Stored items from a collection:
★ ★ ★ ★ ★ ★ ★

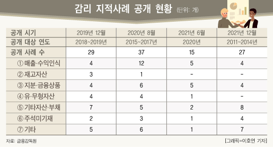 29ÀÏ ±Ý°¨¿øÀº 2011³âºÎÅÍ 2014³â±îÁö ³ªÅ¸³ ÁöÀû»ç·Ê 27°ÇÀ» Ãß°¡ÇØ IFRS(±¹Á¦È¸°è±âÁØ) ½ÃÇà ÀÌÈÄ 10³â °£(2011~2020³â)ÀÇ ÁöÀû»ç·Ê ÃÑ 108°ÇÀ» °ø°³Çß´Ù. ±×°£ ±Ý°¨¿øÀº ±â¾÷ÀÌ ¿øÄ¢Áß½ÉÀÇ IFRS¸¦ Àû¿ëÇÏ´Â µ¥ µµ¿òÀ» ÁÖ°í À¯»çÇÑ È¸°è¿À·ù ¹ß»ýÀ» ¹Ì¿¬¿¡ ¹æÁöÇϱâ À§ÇØ °¨¸® ÁöÀû»ç·Ê DB¸¦ ±¸ÃàÇÏ°í °ø°³ÇؿԴÙ.
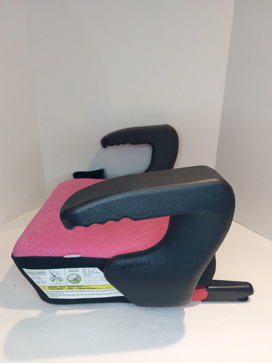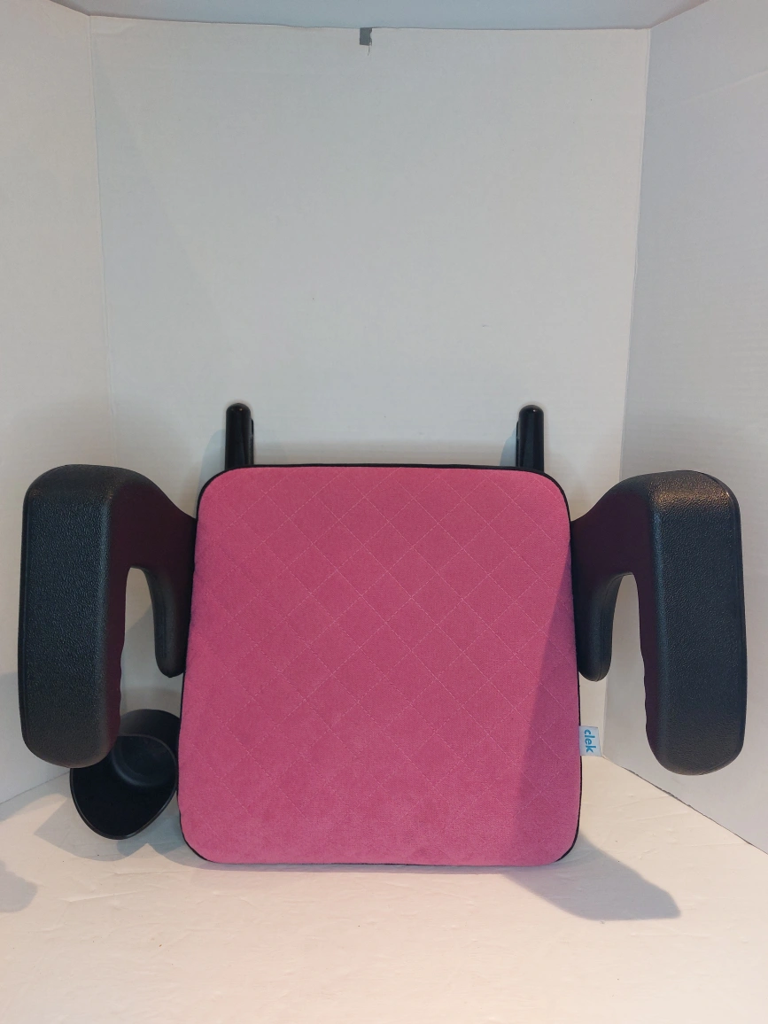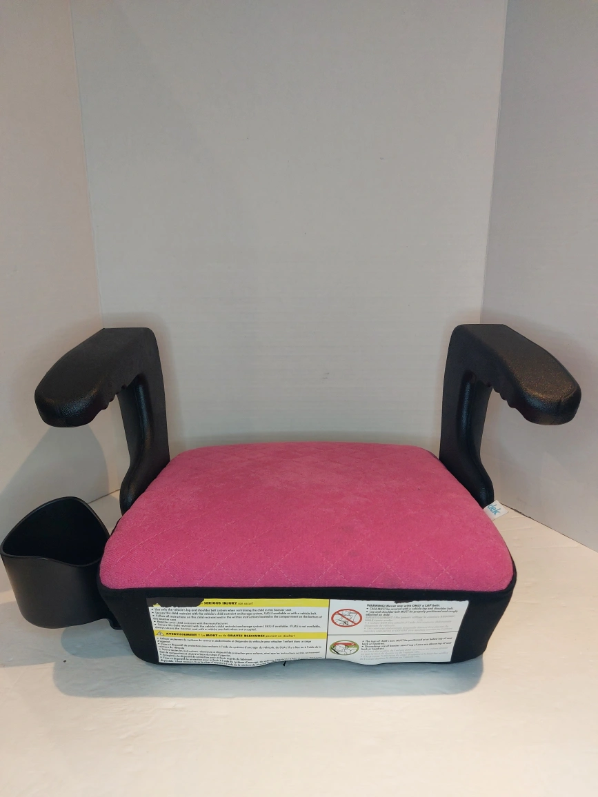 Pink booster seat with cup holder. Black armrests with adjustable height.
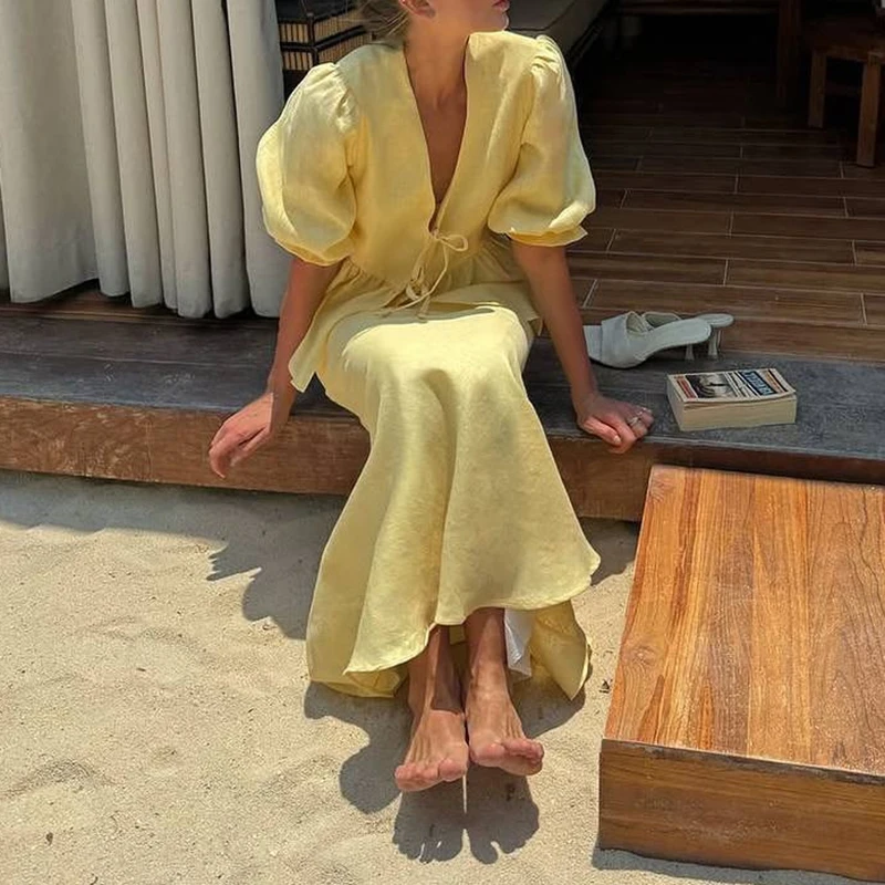 MQTIME  -  Elegant High Waist Holiday Outfit 2025 New Women's V Neck Lace Up Top + Long Skirt Suit Sweet Casual Puff Sleeves Two Piece Set
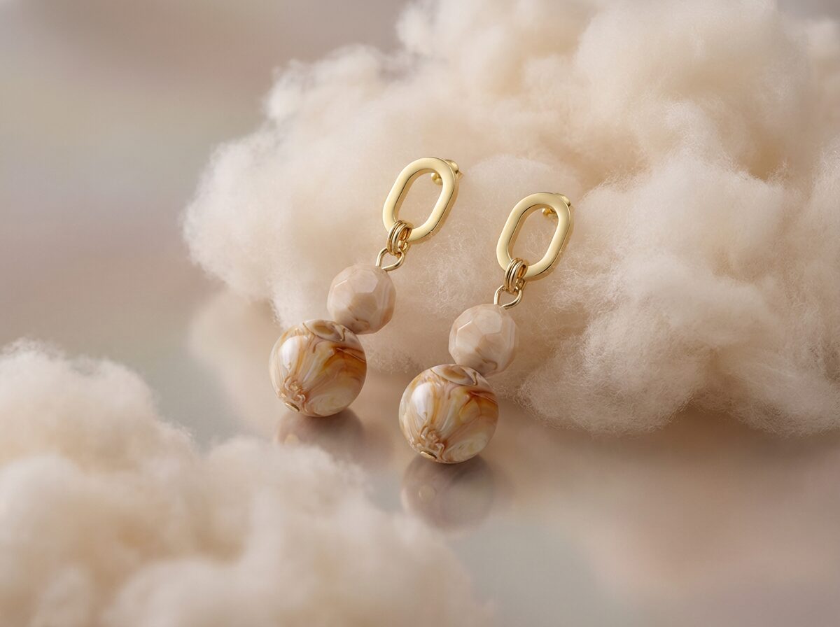 Deze handgemaakte oorhangers zijn ontworpen met twee beads in een dromerige beige tint en stralen pure verfijning uit. Met zorg gemaakt in Nederland en perfect in balans tussen zacht en stijlvol. Een tijdloos ontwerp dat je solo draagt of combineert met jouw favoriete sieraden uit de collectie.
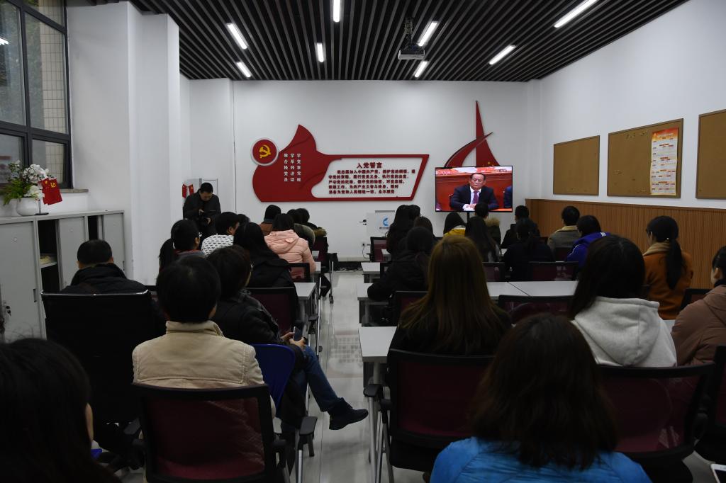 党委组织师生集体观看了庆祝改革开放四十周年大会现场直播,师生干部对习近平总书记重要讲话反响热烈。观影活动由学院党委副书记何建华主持,行政办公室、实验室、学生办公室全体教师、学生党员代表及入党积极分子代表等参加了观影活动。
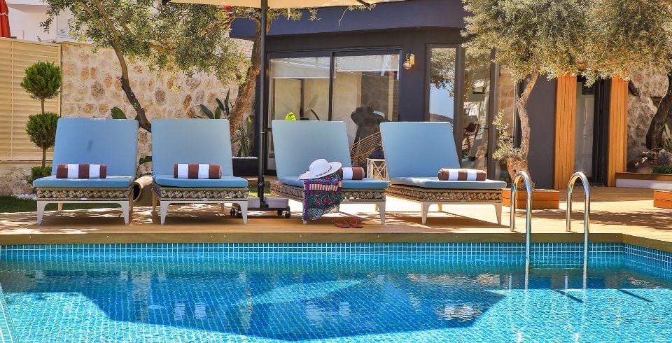 Teras Havuz 1 : 4 x 3,5 metre genişliğinde, derinliği 70 cm olan deniz manzaralı havuz teras katında bulunmaktadır. Aynı zamanda jakuzi özelliği bulunmaktadır. Havuz terasında  özenle dekore edilmiş oturma alanları ve bar alanı bulunmaktadır.
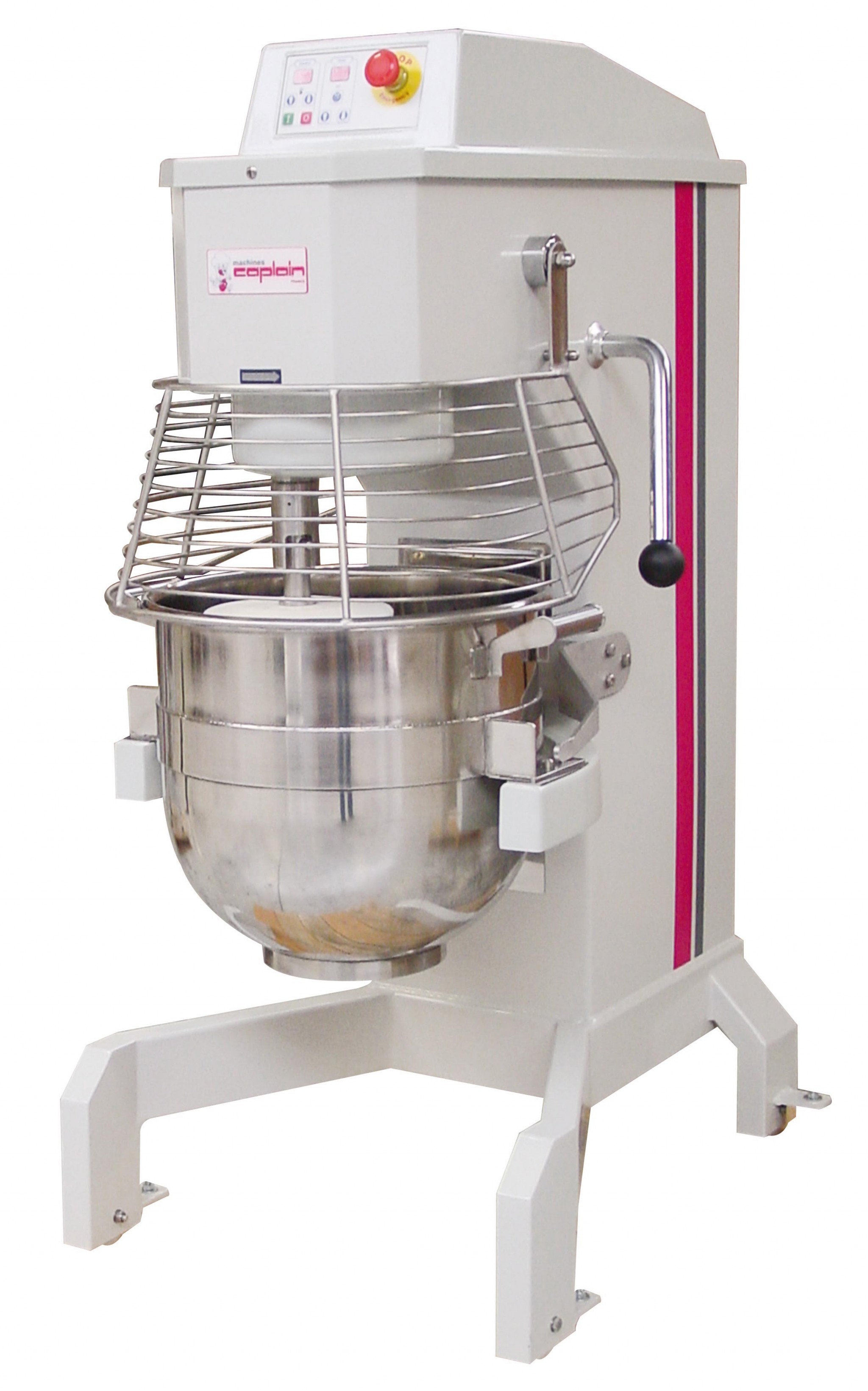 batteur mélangeur à variateur de vitesse 20 vitesses présélectionnées minuterie capacité de cuve : 40 litres cuve renforcee livré avec 1 cuve et 3 outils (fouet+palette+crochet) blocage de cuve levage de cuve par levier grille de sécurité relevable bec verseur sur grille roulettes fixes
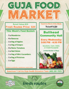 Please see the attached Guja Food Market list for today, April 22nd, 2026, from 2 PM – 4:30 PM at the Bullhead Community Hall.
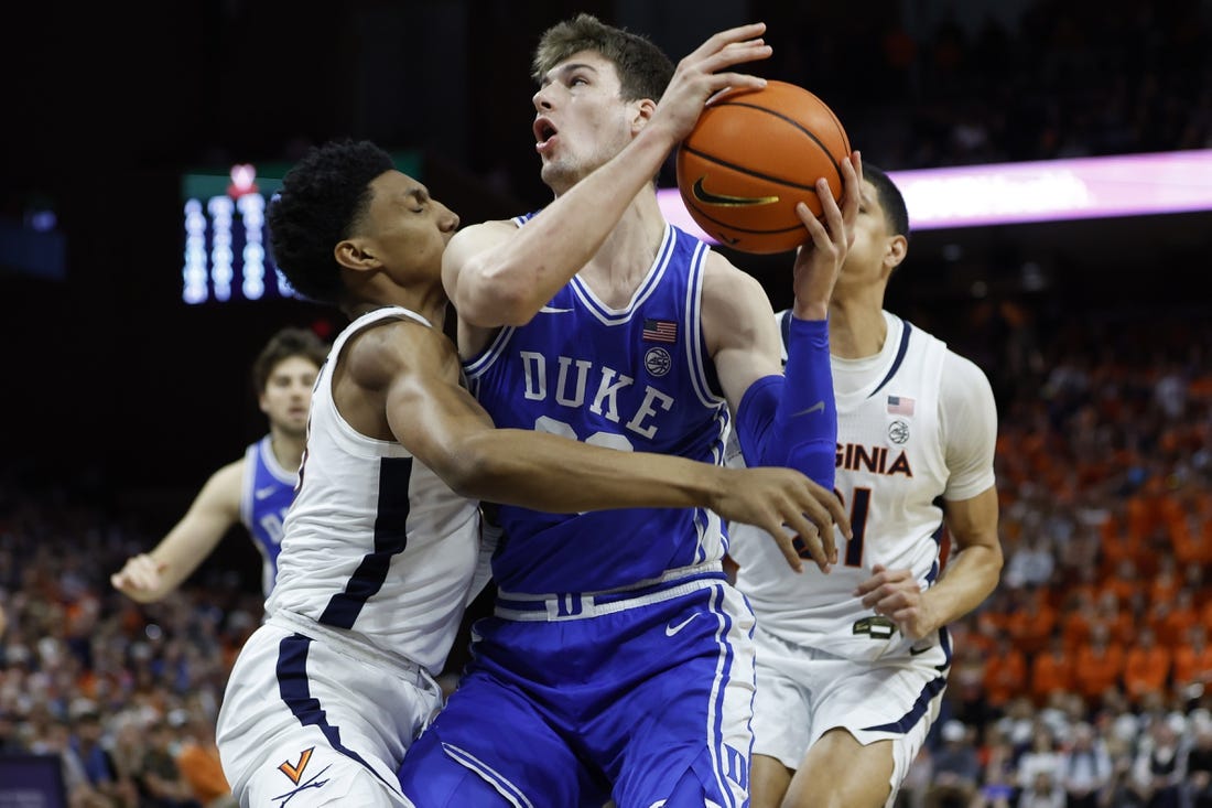 With the score tied at 58-58 and 1.2 seconds remaining, Duke’s Kyle Filipowski drove to the basket and attempted a contested finish over Virginia’s Reece Beekman and Ryan Dunn.
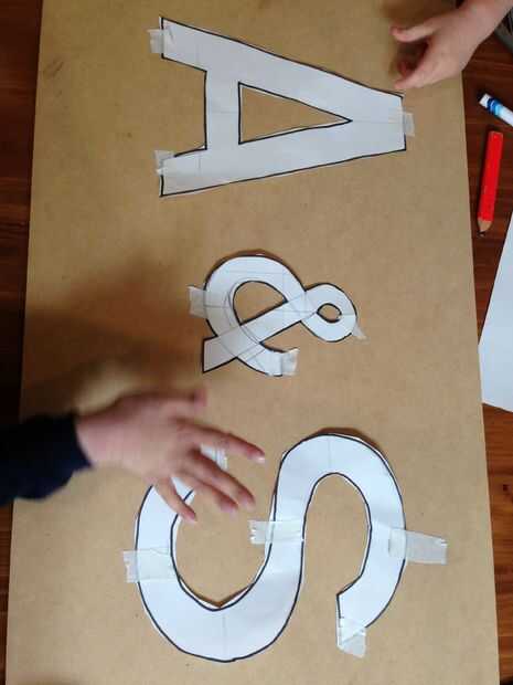 Trazar las Letras con el lápiz del carpintero y luego el rotulador una vez que haya quitado la plantilla de carta. Esta es una parte que pueden hacer los niños.

★ ★ ★ ★ ★ ★ ★

WORK ORDER: Each record needs to be reproduced exactly, and no image should be carried over.

WRITTEN SOLUTION:
 29ÀÏ ±Ý°¨¿øÀº 2011³âºÎÅÍ 2014³â±îÁö ³ªÅ¸³ ÁöÀû»ç·Ê 27°ÇÀ» Ãß°¡ÇØ IFRS(±¹Á¦È¸°è±âÁØ) ½ÃÇà ÀÌÈÄ 10³â °£(2011~2020³â)ÀÇ ÁöÀû»ç·Ê ÃÑ 108°ÇÀ» °ø°³Çß´Ù. ±×°£ ±Ý°¨¿øÀº ±â¾÷ÀÌ ¿øÄ¢Áß½ÉÀÇ IFRS¸¦ Àû¿ëÇÏ´Â µ¥ µµ¿òÀ» ÁÖ°í À¯»çÇÑ È¸°è¿À·ù ¹ß»ýÀ» ¹Ì¿¬¿¡ ¹æÁöÇϱâ À§ÇØ °¨¸® ÁöÀû»ç·Ê DB¸¦ ±¸ÃàÇÏ°í °ø°³ÇؿԴÙ.
 Pink booster seat with cup holder. Black armrests with adjustable height.
 MQTIME  -  Elegant High Waist Holiday Outfit 2025 New Women's V Neck Lace Up Top + Long Skirt Suit Sweet Casual Puff Sleeves Two Piece Set
 Deze handgemaakte oorhangers zijn ontworpen met twee beads in een dromerige beige tint en stralen pure verfijning uit. Met zorg gemaakt in Nederland en perfect in balans tussen zacht en stijlvol. Een tijdloos ontwerp dat je solo draagt of combineert met jouw favoriete sieraden uit de collectie.
 党委组织师生集体观看了庆祝改革开放四十周年大会现场直播,师生干部对习近平总书记重要讲话反响热烈。观影活动由学院党委副书记何建华主持,行政办公室、实验室、学生办公室全体教师、学生党员代表及入党积极分子代表等参加了观影活动。
 Teras Havuz 1 : 4 x 3,5 metre genişliğinde, derinliği 70 cm olan deniz manzaralı havuz teras katında bulunmaktadır. Aynı zamanda jakuzi özelliği bulunmaktadır. Havuz terasında  özenle dekore edilmiş oturma alanları ve bar alanı bulunmaktadır.
 batteur mélangeur à variateur de vitesse 20 vitesses présélectionnées minuterie capacité de cuve : 40 litres cuve renforcee livré avec 1 cuve et 3 outils (fouet+palette+crochet) blocage de cuve levage de cuve par levier grille de sécurité relevable bec verseur sur grille roulettes fixes
 Please see the attached Guja Food Market list for today, April 22nd, 2026, from 2 PM – 4:30 PM at the Bullhead Community Hall.
 With the score tied at 58-58 and 1.2 seconds remaining, Duke’s Kyle Filipowski drove to the basket and attempted a contested finish over Virginia’s Reece Beekman and Ryan Dunn.
 Trazar las Letras con el lápiz del carpintero y luego el rotulador una vez que haya quitado la plantilla de carta. Esta es una parte que pueden hacer los niños.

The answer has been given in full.